Friday, May 31, 2013

Europe and Its Politicians

Europe's unemployment rate increased once more -- now at 12.2 percent.  This is the highest level since data collection on European unemployment began in 1995.  Expect new records ahead.

Too bad if you are young and live in Europe.  The unemployment rate is above 25 percent for those under age 25 almost everywhere in Europe and is well above 40 percent in places like Spain and Italy (lets not talk about Greece...their data, at this point, is probably suspect).

Meanwhile, the IMF has noticed that taxpayer bailouts mainly enrich hedge funds.  Why?  Because after sovereign debt collapses in price, hedge funds come in and buy it for 20 cents on the dollar and then sit back to wait for the bailout.  So, who wins.  The average taxpayer simply transfers large amounts of private wealth into the coffers of rich hedge fund tycoons.  Great policy!

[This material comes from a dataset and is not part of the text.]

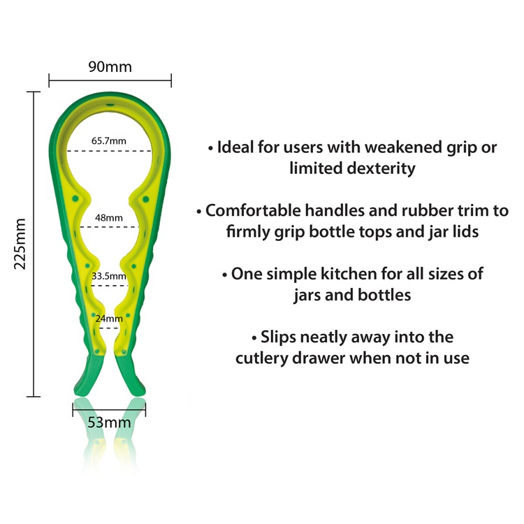 Green Multi Size Bottle and Jar Opener - Makes light work of opening jars for those with a weaker grip

It is now dawning on the IMF that restructuring sovereign debt (meaning a controlled bankruptcy) is a far better idea.  It puts the losses where the losses belong and doesn't end up using taxpayer wealth to subsidize hedge funds.  Wonder what took the IMF so long to understand what has been painfully obvious since this whole process began?

The assumption that Europe's problems were temporary and could be solved by taxpayer bailouts was an absurd assumption.   Just one look at European government spending and government revenues would convince anyone with a modicum of common sense that Europe's debts are unpayable.  There is no way out by the simple expedient of 'temporary' bailouts.  The numbers don't work and the sooner that is acknowledged the better.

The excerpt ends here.